A dry wind pushed clouds of dust across barren rock, impeded only by the irregular shapes of a few scattered buildings to the south, the much more modern silhouette of Tucson far to the northeast, and a few scrubby bushes that would have been embarrassed to call themselves flora. The rest of the landscape blended together in shades of orange and red, a child’s fingerpainting of a sunset splashed across a lunar surface.

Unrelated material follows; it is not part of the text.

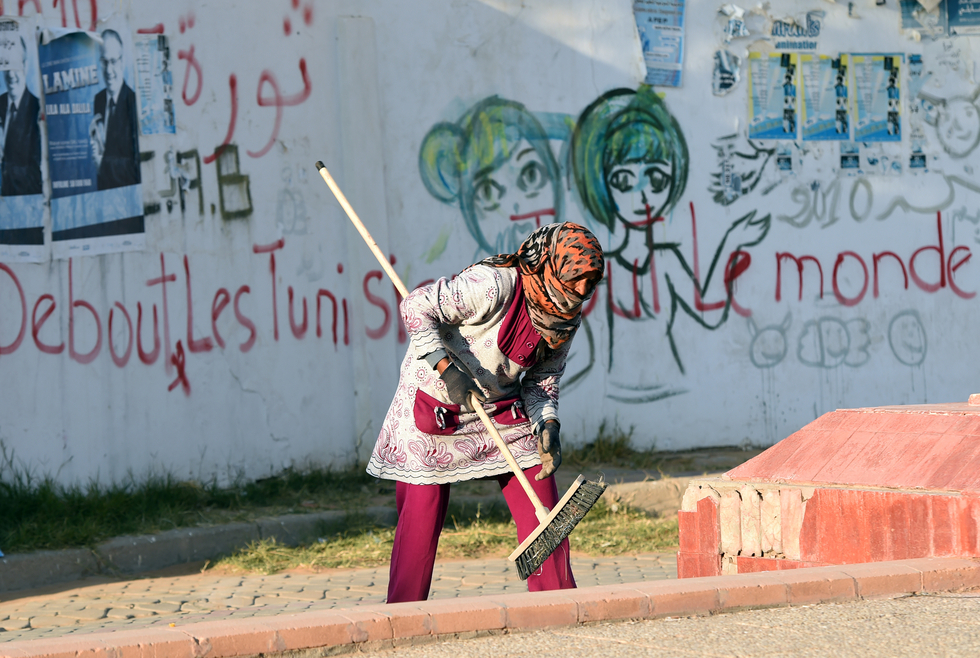 A woman sweeps on Mohamed Bouazizi Avenue in Sidi Bouzid on 14 December, 2015 (AFP)

The eight-year-old girl who might have painted the sunset sat near a knot of bushes at the edge of a worn dirt path, holding an animated conversation between two dolls. It seemed that one of them thought the view could use more cacti, perhaps some purple ones, while the other felt that was ridiculous, and the best thing for really sprucing up the setting would be a herd of giraffes. Although they took this debate very seriously, their conversation kept turning to an upcoming royal ball, where a fairy-tale prince would be marrying the winner of a reality show's singing competition. It all got very involved, very quickly, and probably the girl was the only one who could have kept it all straight.
To the north, the rocks gave way to Armistead Ravine, a dust-flecked crevasse, not impressive or deep by local standards. Some of the old-timers said if you stood on the edge of the Ravine on a night lit by the full moon and embraced the call of the Sonoran desert, your eyes would be opened to... the same damn things you'd see by day, some coyote tracks and maybe a scorpion. Also you'd be a moron who thought he could talk to desert. So there wasn't much to be gained from standing on the edge of the Ravine, by the full moon or any other moon. The girl, whose name was Tina Delacroix, had been warned to keep away from it; she knew she was closer than she should have been, but not close enough to get in trouble yet. Not really.

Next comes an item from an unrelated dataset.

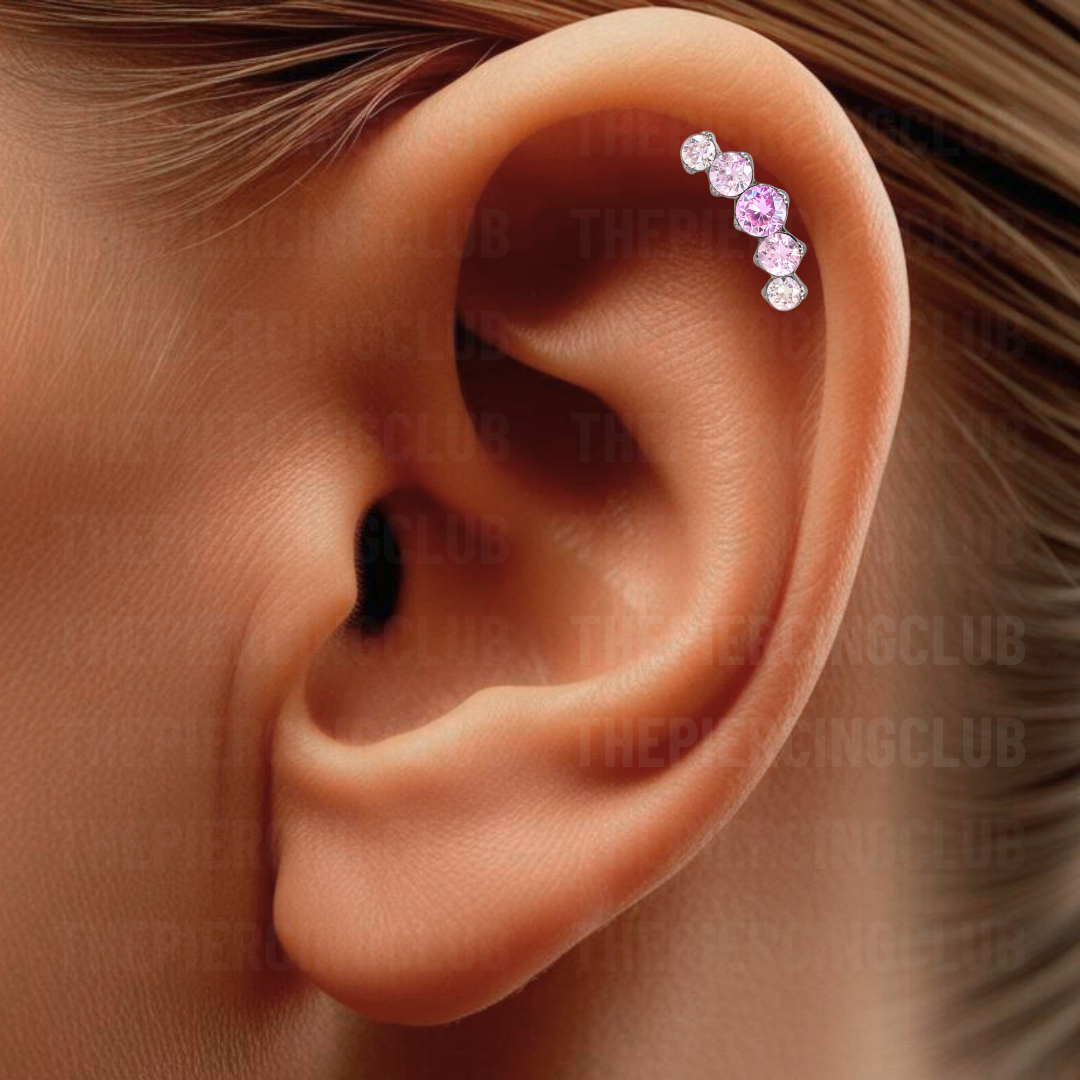Joya cluster de cristal rosado deluxe / Helix piercing, titanio grado implante

Trouble was on its way, if she didn't start home soon. She lived just off the path, in a spacious home on the other side of the bushes, ten minutes' walk away. If she waited until dusk, ten minutes would become fifteen or thirty and her cellphone would light up with angry calls from a mother who was tired of holding dinner. If she waited longer, she ran the risk of having the ball delayed on account of Charlie. That would be bad.

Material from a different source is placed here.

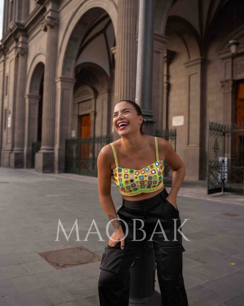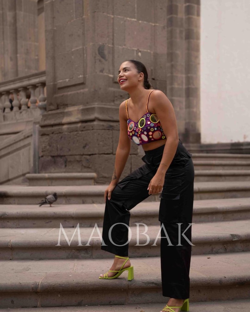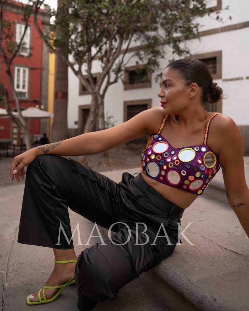 Cada espejo, cada puntada, está hecho a mano, convirtiendo este top en una joya textil que no pasa desapercibida.

Just a little longer, Tina thought. We're not even having anything good for dinner. It's stupid eggplant.
As she turned back to her dolls, trying to decide whether the blonde would look better in pink or yellow, something caught her eye. The waning sunlight illuminated something shiny at the edge of the Ravine, where there had been nothing before.
Maybe somebody dropped a quarter, she thought. “What do you think, Sara? Mandi?”
Neither doll objected, so she decided to go and see. Tina brushed sand off the hem of her school dress and secured her backpack strap. If she lost anything or got too dirty, Charlie would start yelling about the cost of her clothes, not that he wouldn't find something to yell about anyway. He always grumbled ominously on the nights when he wasn't late getting back from the dealership. When he focused on something that was Tina's fault, the grumbling turned especially loud, so Tina felt strongly it should be someone else's fault.
When she'd deferred as much blame as possible, she secured her dolls and inched toward the Ravine, mesmerized by the shiny light. She stopped ten feet away, still unable to guess what it was.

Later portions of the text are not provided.